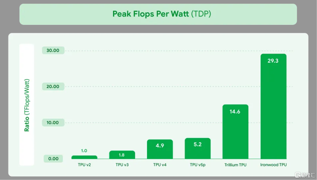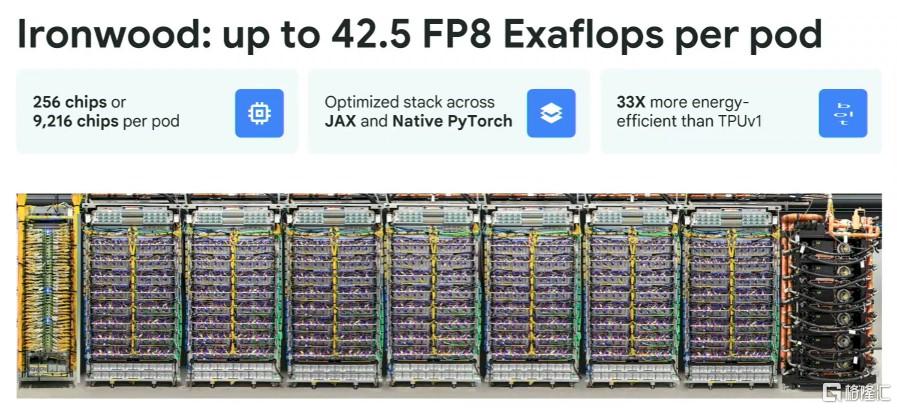 Ironwood 根据 AI 工作负载需求提供两种尺寸:256 芯片配置和 9,216 芯片配置。后者总算力达到42.5 Exaflops,是El Capitan超算的24倍;单芯片峰值4.614 Exaflops,功率效率1.5倍于Trillium,每瓦性能翻倍,较首代TPU提升30倍。
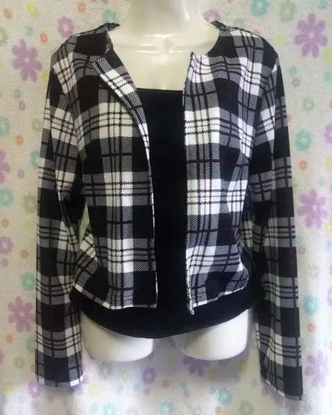 Blazer a cuadros blancos y negro. Blazer ligero corto sin forro, fresco, combinable con todo estilo sin detalle, NUEVO.
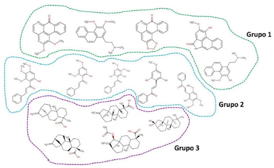 ![]() Figura 4. Representação de um modelo de agrupamento. Moléculas sendo agrupadas em diferentes grupos de acordo com suas similaridade químicas (fonte: elaborado pelo autor)
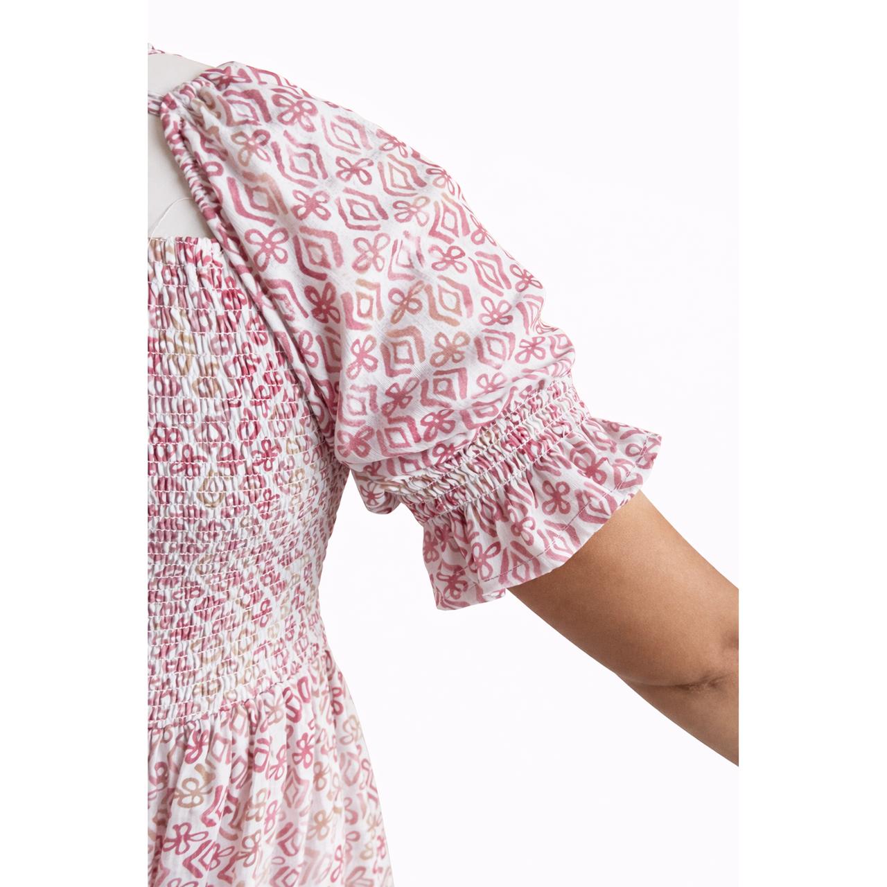 Women's pink printed sundress with puff sleeves

Exercise —
Leaving the pictures aside, write out only the lines from the one containing "elaborado pelo autor)" through the end of the material, exactly as they stand.

Result for this exercise —
 ![]() Figura 4. Representação de um modelo de agrupamento. Moléculas sendo agrupadas em diferentes grupos de acordo com suas similaridade químicas (fonte: elaborado pelo autor)
 Women's pink printed sundress with puff sleeves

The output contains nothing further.